**Dataset excerpt**
====
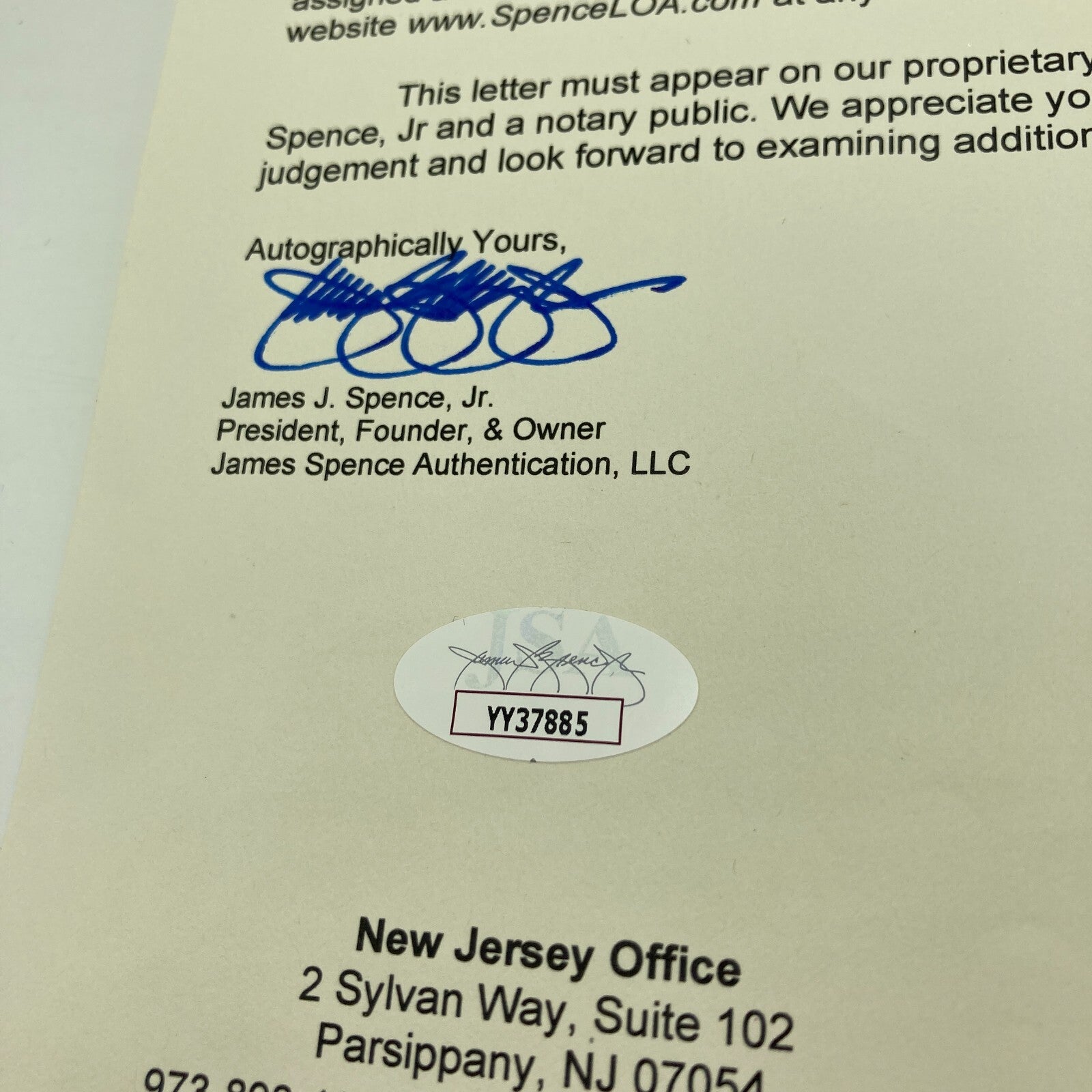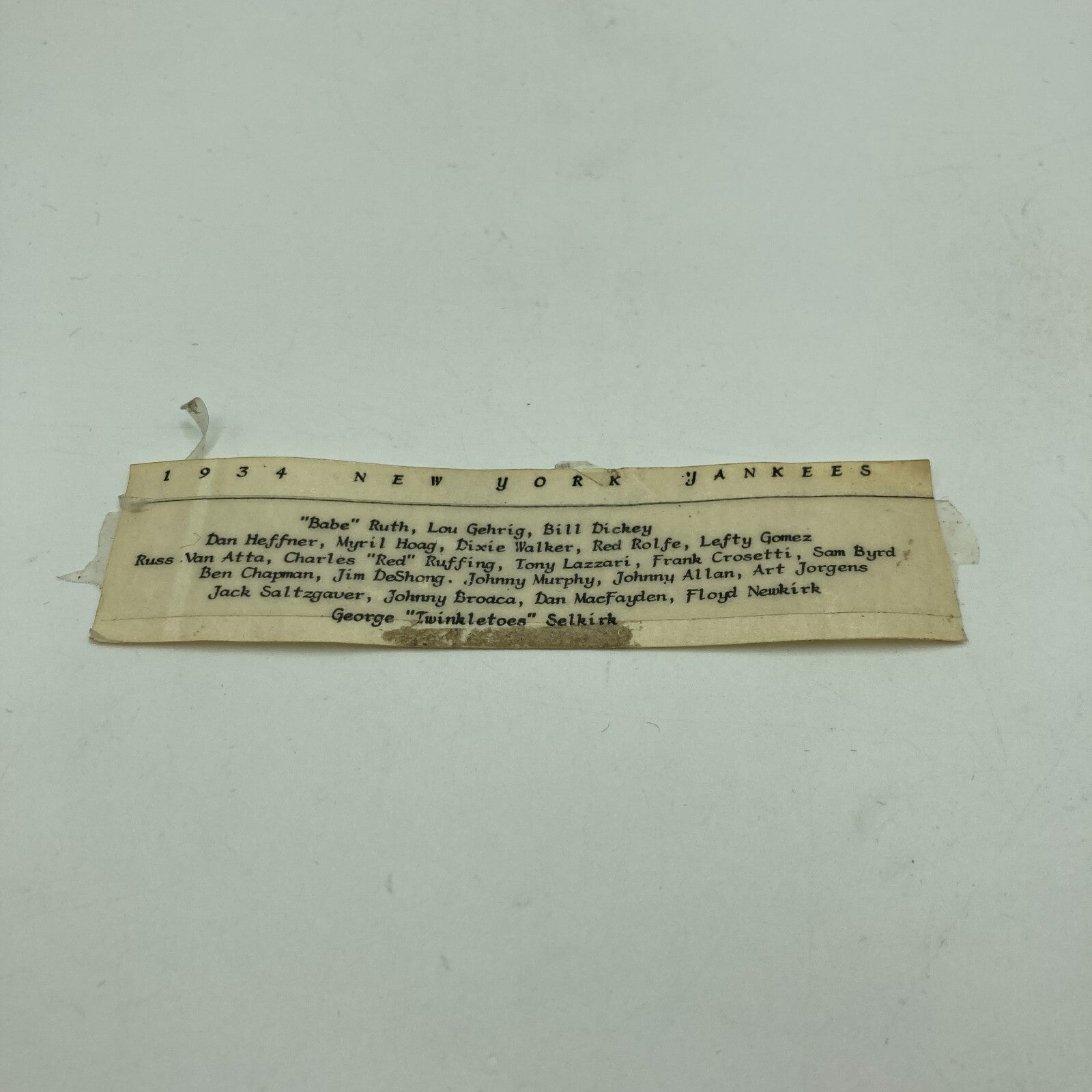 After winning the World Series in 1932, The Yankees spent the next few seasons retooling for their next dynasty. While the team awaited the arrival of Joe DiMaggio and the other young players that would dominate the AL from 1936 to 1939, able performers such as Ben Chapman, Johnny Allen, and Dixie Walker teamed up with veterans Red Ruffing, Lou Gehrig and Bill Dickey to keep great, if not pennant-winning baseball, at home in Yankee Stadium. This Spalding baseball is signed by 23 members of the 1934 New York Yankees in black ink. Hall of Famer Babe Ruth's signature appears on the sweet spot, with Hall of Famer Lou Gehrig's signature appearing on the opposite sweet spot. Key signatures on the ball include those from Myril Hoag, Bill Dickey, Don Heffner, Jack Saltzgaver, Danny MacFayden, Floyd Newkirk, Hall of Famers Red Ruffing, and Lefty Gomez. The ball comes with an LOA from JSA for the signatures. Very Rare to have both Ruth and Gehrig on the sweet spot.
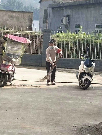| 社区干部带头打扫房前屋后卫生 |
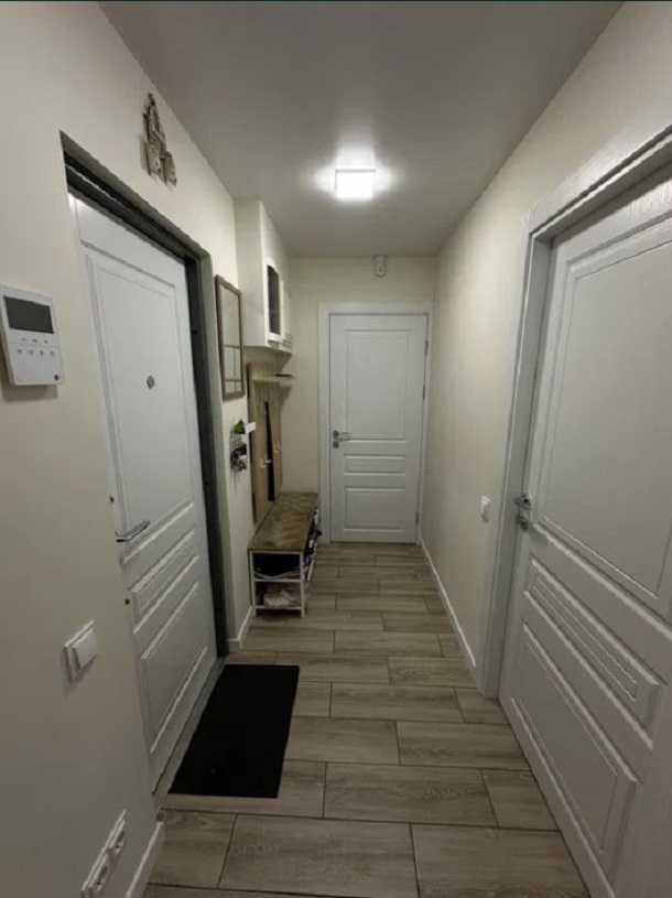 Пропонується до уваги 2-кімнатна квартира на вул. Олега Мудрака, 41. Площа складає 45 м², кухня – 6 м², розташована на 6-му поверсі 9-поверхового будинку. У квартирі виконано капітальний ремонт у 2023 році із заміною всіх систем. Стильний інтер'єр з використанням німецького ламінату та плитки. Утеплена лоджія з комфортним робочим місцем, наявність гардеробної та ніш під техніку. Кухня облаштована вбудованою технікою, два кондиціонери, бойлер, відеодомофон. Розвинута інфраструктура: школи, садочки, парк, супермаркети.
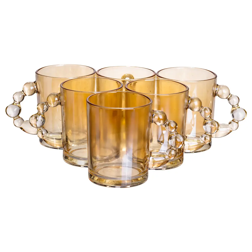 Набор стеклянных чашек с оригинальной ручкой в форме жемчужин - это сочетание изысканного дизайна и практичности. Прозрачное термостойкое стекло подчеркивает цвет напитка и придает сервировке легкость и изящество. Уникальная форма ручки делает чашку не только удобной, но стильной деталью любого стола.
====
**Work item**
Repeat the listing verbatim. Skip the pictures.

**Exercise result**
 After winning the World Series in 1932, The Yankees spent the next few seasons retooling for their next dynasty. While the team awaited the arrival of Joe DiMaggio and the other young players that would dominate the AL from 1936 to 1939, able performers such as Ben Chapman, Johnny Allen, and Dixie Walker teamed up with veterans Red Ruffing, Lou Gehrig and Bill Dickey to keep great, if not pennant-winning baseball, at home in Yankee Stadium. This Spalding baseball is signed by 23 members of the 1934 New York Yankees in black ink. Hall of Famer Babe Ruth's signature appears on the sweet spot, with Hall of Famer Lou Gehrig's signature appearing on the opposite sweet spot. Key signatures on the ball include those from Myril Hoag, Bill Dickey, Don Heffner, Jack Saltzgaver, Danny MacFayden, Floyd Newkirk, Hall of Famers Red Ruffing, and Lefty Gomez. The ball comes with an LOA from JSA for the signatures. Very Rare to have both Ruth and Gehrig on the sweet spot.
| 社区干部带头打扫房前屋后卫生 |
 Пропонується до уваги 2-кімнатна квартира на вул. Олега Мудрака, 41. Площа складає 45 м², кухня – 6 м², розташована на 6-му поверсі 9-поверхового будинку. У квартирі виконано капітальний ремонт у 2023 році із заміною всіх систем. Стильний інтер'єр з використанням німецького ламінату та плитки. Утеплена лоджія з комфортним робочим місцем, наявність гардеробної та ніш під техніку. Кухня облаштована вбудованою технікою, два кондиціонери, бойлер, відеодомофон. Розвинута інфраструктура: школи, садочки, парк, супермаркети.
 Набор стеклянных чашек с оригинальной ручкой в форме жемчужин - это сочетание изысканного дизайна и практичности. Прозрачное термостойкое стекло подчеркивает цвет напитка и придает сервировке легкость и изящество. Уникальная форма ручки делает чашку не только удобной, но стильной деталью любого стола.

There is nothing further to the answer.